The wavelengths of the photons being emitted from a source do not
change as the source moves, and so the observer should see the exact
same color of light.
Because Doppler shift of light is a Relativistic effect, you immediately face the question of, as the source moves compared to what? Everyone thinks they are at rest with respect to themselves, and they also think they are "at rest" with respect to the "aether", the proposed analoguous "medium" that carries light in the way that the atmosphere carries sound.
What your teacher said isn't strictly correct, because there's a fundamental asymmetry that exists between sound and light - an emission of sound will change frequency if the source is moving compared to the air around it, as the wavefronts "bunch up" in front of the emitter. (You can imagine this more easily if the source is moving a significant fraction of the speed of sound.) The source can measure the speed of the air whizzing past it and so infer the "true" frequency of the emitted sound as seen in a frame that is at rest w.r.t. the air. This "true" frequency will also change depending on emission direction - emitting in front of you will have the fronts bunch up, emitting behind you will spread them out. A receiver's observation of this "true" frequency is then dependent on its velocity compared to the air, not to the original emitter.
With light, we have a problem because it turns out the aether doesn't actually exist. Everyone, even people travelling at different velocities, thinks they are "at rest" with what ought to be an aether - specifically, they observe no change in the round-trip time in any direction around them, as discovered by the Michelson-Morley experiment. If the aether did exist, then light should take a different amount of time to travel in line with our aether velocity compared to perpendicular to it, and this does not happen.
And if there's no medium, then there's no "true frequency", and so we can't talk about the emitted wavefronts "bunching up" like we did with sound. Unlike with sound, where both source and receiver agree on their speeds relative to the medium, the "true frequency" and thus how they observe the latter, the story of EM Doppler shift splits in two depending which frame you look at:
- In the source frame, you are at rest, and so no shift occurs in the emission. However, if you watch a receiver moving at relativistic velocity through your emitted wave, their observation will be shifted because their own velocity carries them through the wavefronts faster (or slower) than they would be naturally delivered by the light's own velocity if they were "at rest." (...in your frame)

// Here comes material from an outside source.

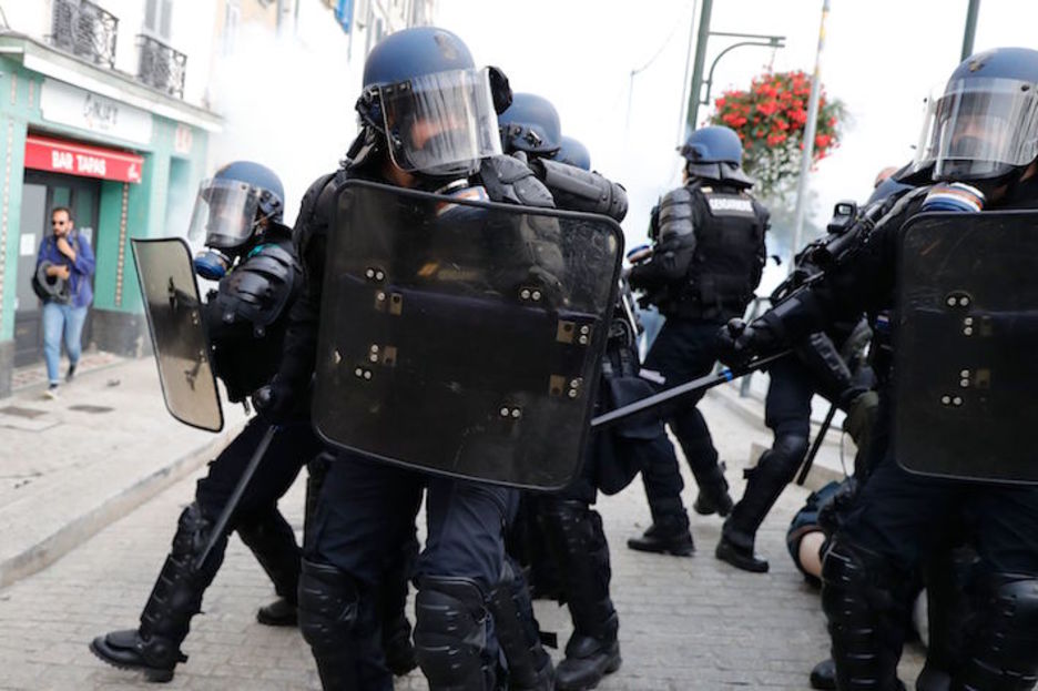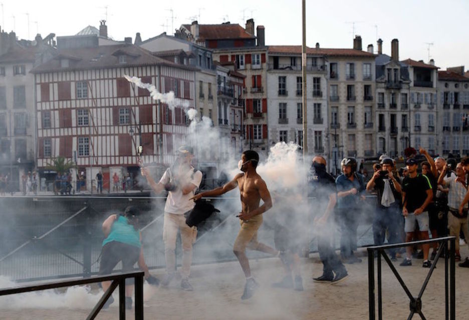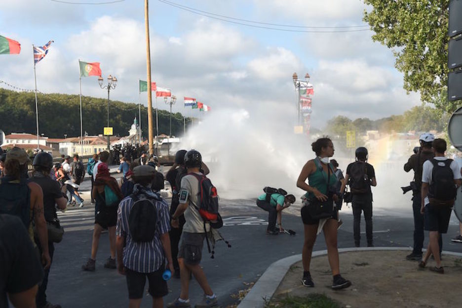 La Policía francesa ha cargado, utilizando gas lacrimógeno y cañones de agua, contra las personas que participaban en una movilización contra el G7 en las calles de Baiona que no estaba autorizada. El despliegue policial ha sido muy importante.

- In the receiver frame, you are at rest, but the source is not. As a result, the emission still travels at the speed of light, and the source still "shoots" them at the correct rate(*), but they end up squashed together (or stretched apart) within the wave that propagates through space because the source has physically moved a significant distance between each wavefront it transmits. It can never overtake the previous wavefront, because that'd involve travelling faster than light, but it can get very close and subsequently emit a wave that has very small spatial gaps between wavefronts, and thus has a high frequency. This is a similar story to the one about Doppler shifts in air, but the key difference is that different observers will disagree on how much "bunching" happened depending on their velocity relative to the source.
(*) If the source is moving very quickly, it might also be undergoing time dilation, but I'm neglecting that for now.
It just so happens that the magnitude of these effects exactly correspond to each other, and both source and receiver can arrive at correct predictions of what frequency the other observed the emission to have. The upshot is that the source not observing its emission to change frequency as it moves, while true, is not the whole story - how the receiver interacts with the wavefronts "already in space" has to be considered in the source's frame.